Wednesday, August 27, 2008

To Scrape or Not To Scrape?


We've been toying around with the idea of screen scraping for some time now. The main reason, wasn't to avoid entering a debate about whether it's fair or not, but rather because we weren't sure we even wanted to deal with hosting any content of our own.

When I say hosting content, I'm referring to large amounts of content (videos, photos, documents, etc). Not simple things like user information and a few photos. I'm talking YouTube. It reminds me a bit of the discussion that took place at my last startup. To hardware or not to hardware. Hardware is a beast I would avoid at all costs - unless of course that's your thing. We weren't a hardware company. Yet we forged ahead designing some hardware for our product (electronic ticketing). I didn't know that this was a problem at the time, nor was there much I could have done about it anyway. But an MBA and some perspective later... hardware was one of our downfalls. It was a money pit. The design, implementation, and rollout were all overly expensive. Especially when you have a company like IDEO design things. And we built this big bulky system. I mean, there were probably a few smart ways we could have made hardware work to our advantage. But we weren't hardware people - so we should have left it for them.

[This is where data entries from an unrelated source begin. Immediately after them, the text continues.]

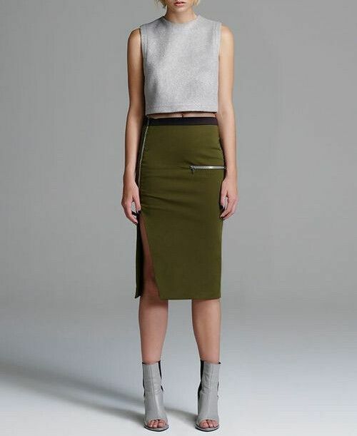 Khaki Green Zip Side Split High Waisted Pencil Skirt RRRP$399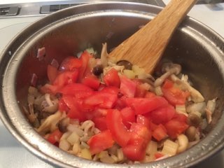 何だか予想以上に水気が出てきたのでそのまま炒めます。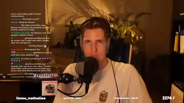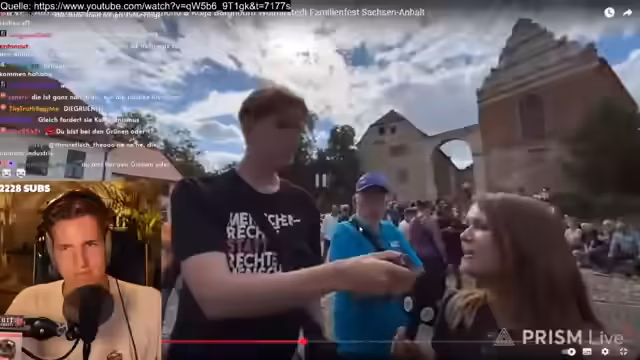 00:08:50Nachdem ich verschlafen habe, entschloss ich mich spontan zu streamen und meine Erfahrungen auf dem AfD-Sommerfest zu teilen. Ich schildere, wie ich im Alice Weidel T-Shirt und versteckter GoPro das Fest besuchte und erschreckende Einblicke gewann. Ein Gespräch mit einem 13-Jährigen, der Hitlers vermeintliche Ordnungspolitik lobte, schockierte mich zutiefst. Ich sah drei Hitlergrüße und begegnete einem Rechtsextremisten mit einem 'Deutsche Jungs'-T-Shirt, der meinen Kameramann attackierte. Die Teilnehmer tarnten sich als Demokraten, waren aber von erschreckender Selbstsicherheit und Unwissenheit geprägt. Eine Frau erzählte von ihrer Selbstheilung von Diabetes und Krebs, während ein anderer mich zu den Zeugen Jehovas bekehren wollte. Trotz dieser deprimierenden Erfahrungen gab mir eine ältere Dame, 'Oma gegen Rechts', etwas Hoffnung zurück. Ich erkannte, dass es wichtig ist, die Jugend zu erreichen, da die ältere Generation kaum zugänglich scheint. Björn Banane trat auf und ich schenkte Ulrich Siegmund einen 'Fuck AfD'-Sticker.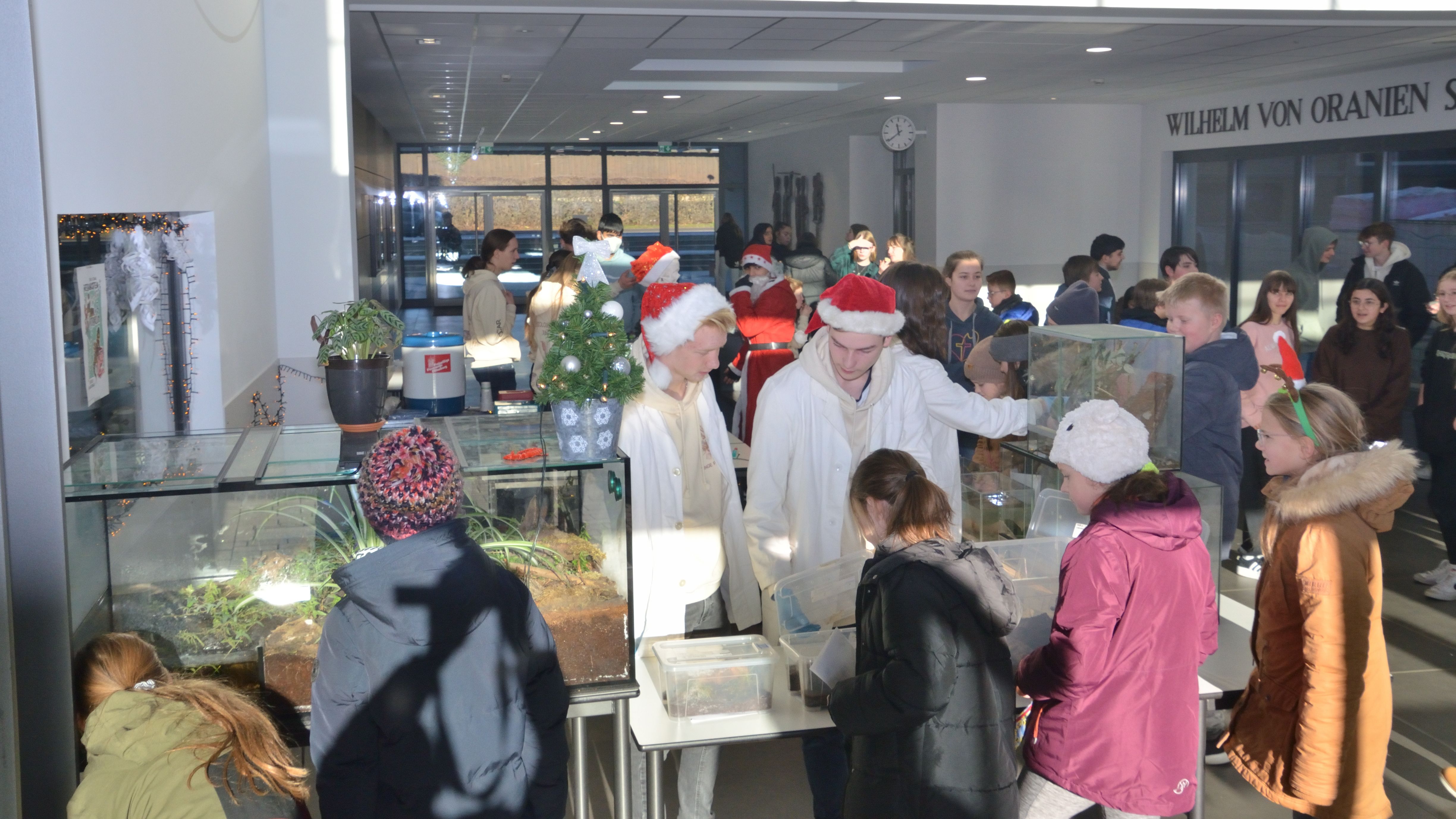 Dank eines großen Angebots an selbstgemachten Geschenkideen, Leckereien und Mitmachangeboten herrschte am Freitag, dem 16. Dezember 2022, eine weihnachtliche Stimmung an der Wilhelm-von-Oranien-Schule in Dillenburg. Jedes Jahr organisiert die Schülervertretung den Weihnachtsbasar, bei dem ein Teil des Gesamterlöses an gemeinnützige Organisationen gespendet wird. Da allerdings der Weihnachtsbasar aufgrund der Pandemie in den letzten beiden Jahren nicht im klassischen Sinn stattfinden konnte, bot die Schülervertretung in diesem Jahr alternativ den „Weihnachtszauber“ an, um die Gemeinschaft an der Schule in weihnachtlichem Ambiente zu stärken.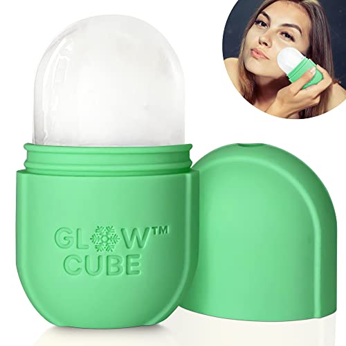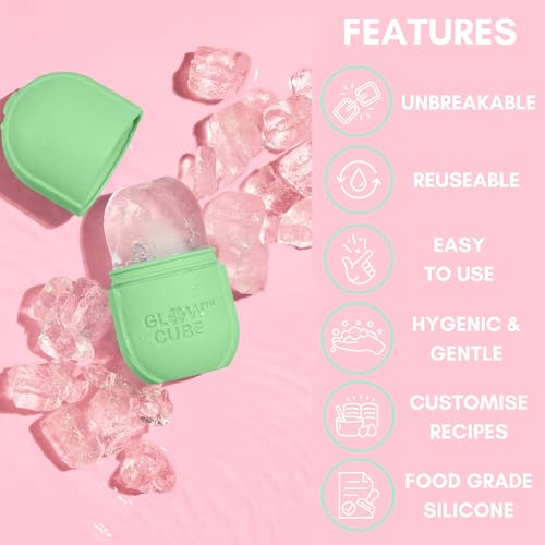 Glow Cube Ice Roller For Face Eyes and Neck To Brighten Skin & Enhance Your Natural Glow/Reusable Facial Treatment to Tighten & Tone Skin & De-Puff The Eye Area (Pastel Green)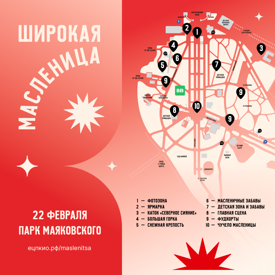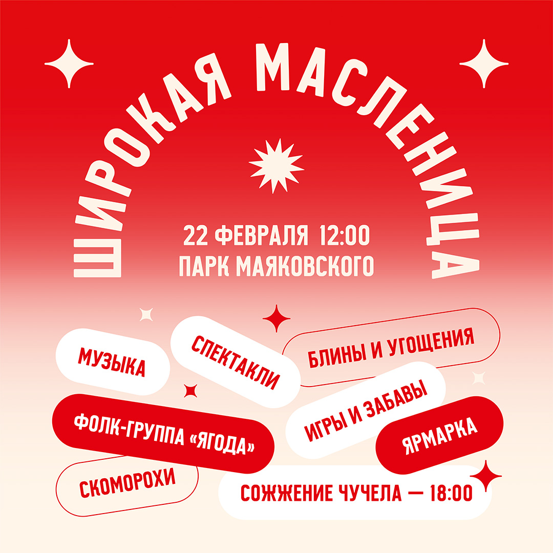 🌞 Широкая Масленица в парке Маяковского — уже в это воскресенье, 22 февраля с 12:00! Ждём всех-всех 🧡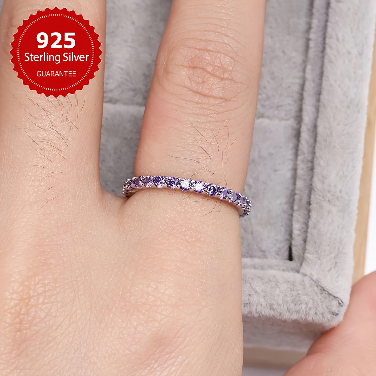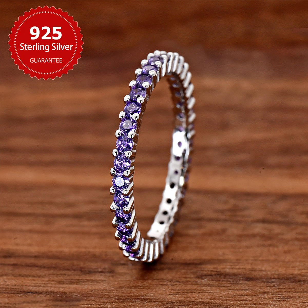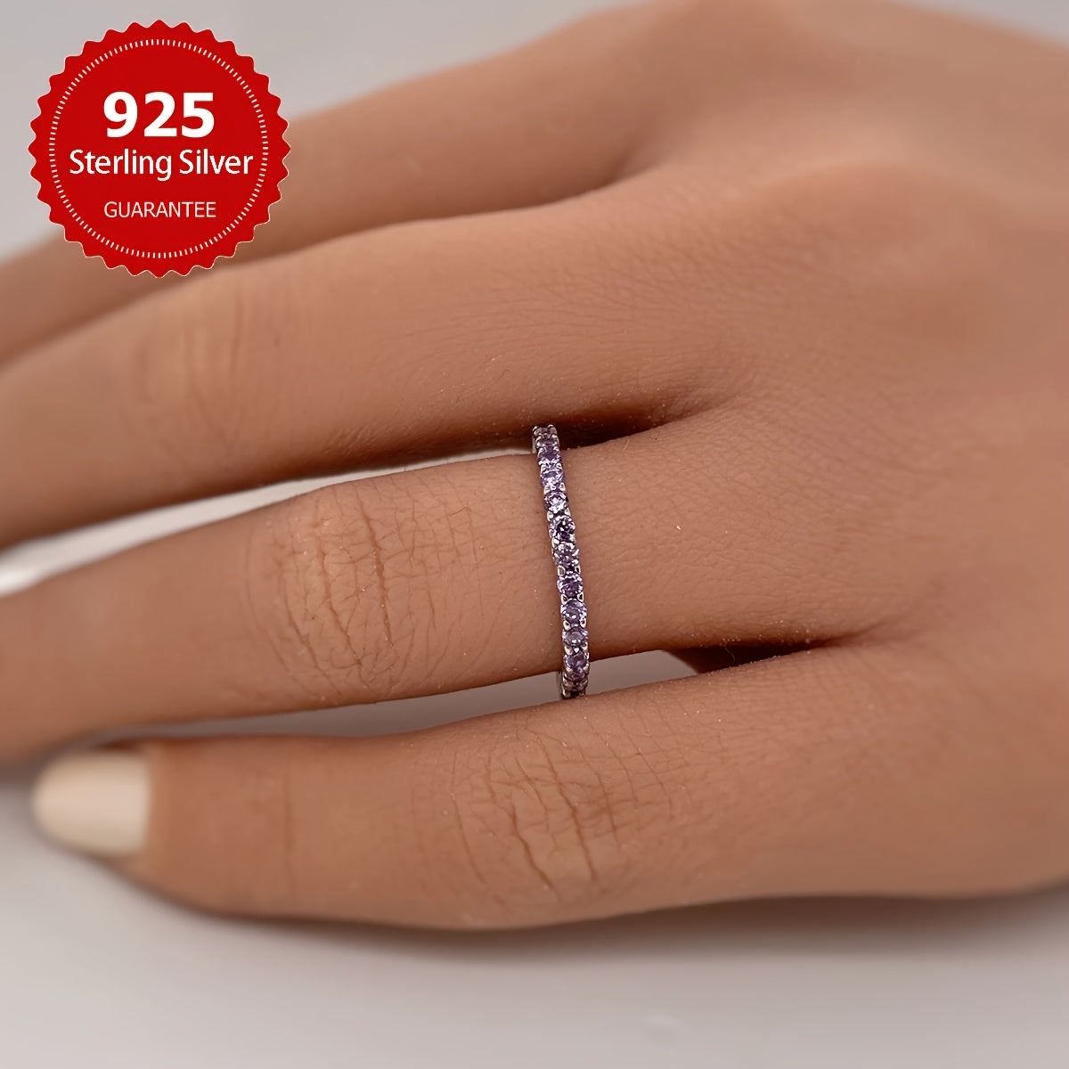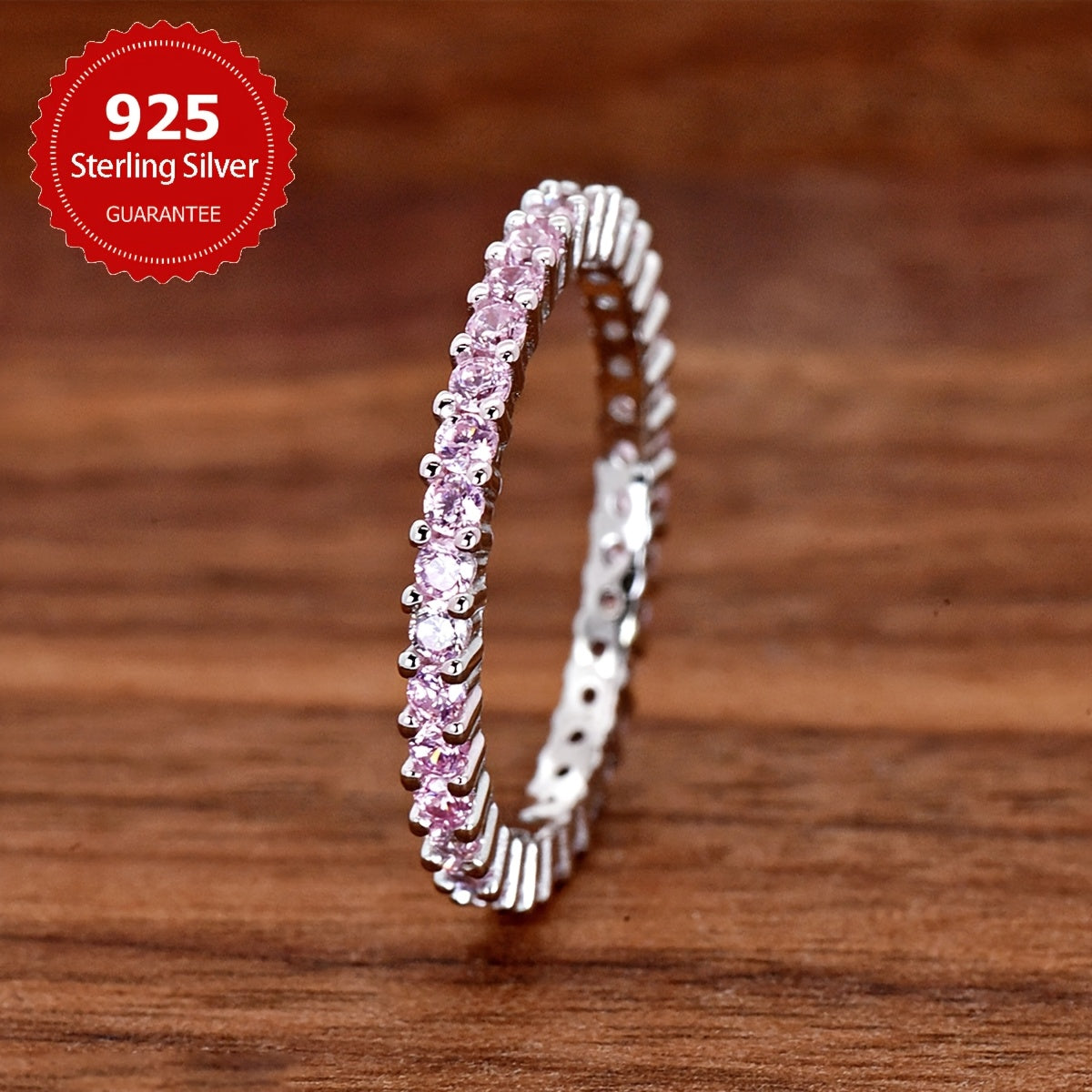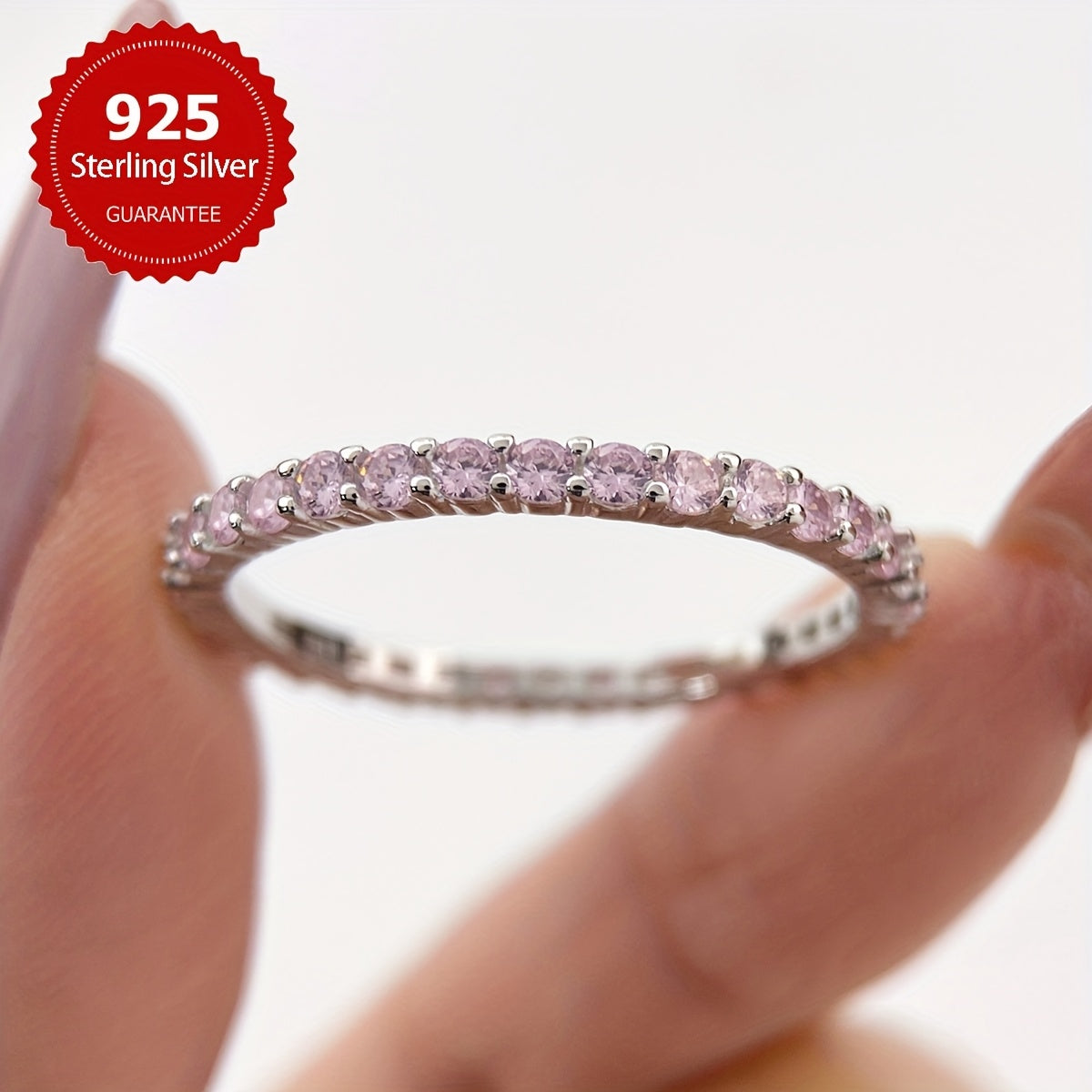 This stunning eternity ring features pink cubic zirconia stones set in 925 sterling silver. Ideal for weddings and everyday wear, it makes a perfect Valentine's gift for women.

Back to Vyoo. We were playing around with hosting our own reviews and recommendations, photos, vidoes, etc. But then we realized that it wasn't our core competency. Why rebuild the wheel? So we decided to link out to other sites or to try to partner with sites in order to allow users to find this preexisting content. Well, it's hard to forge relationships before you have a finished product and we wanted to prove out our concept. So we decided to scrape some screens to pull some data into our site. We only provide snippets and we link out to the original sites. But it's a more user friendly experience for our users.

This decision made me think about the implications of screen scraping. Initially, I had been opposed to the idea. I felt like people were just duplicating sites. Where was the innovation, originality, or hard work? And in that sense, I still believe screen scraping is a poor choice for copycats. Bring something new to the table! Or use snippets of the data to provide enhanced value (Digg). But then how about user generated content? First of all, that's where I think startups can provide quite a bit of value - for the user's themselves. And after all, this is our information isn't it? If I leave profile information on Facebook. Well, that's my information. Facebook didn't go to Haas. It didn't take my picture for me. It only let me use their service. And it's getting something out of that by using that information (targeted ad revenue). If I put my clothes in a locker at the gym. Those are still my clothes. Sure the gym owns the locker, but they don't own my clothes. This is a much larger discussion - with lots of nuanced ways in which I would take a different approach to this question of ownership.

Anyway, that's where I stand. With permission (if it's user generated), sites should be able to leverage a user's information in a unique way. If it's not user generated, well, providing snippets and sending traffic to the original site is totally cool. Again, Digg comes to mind.

1 comment:

Anonymous said...

"When I say hosting content, I'm referring to large amounts of content (videos, photos, documents, etc)."


Be prepared for handling a large number of DMCA takedowns.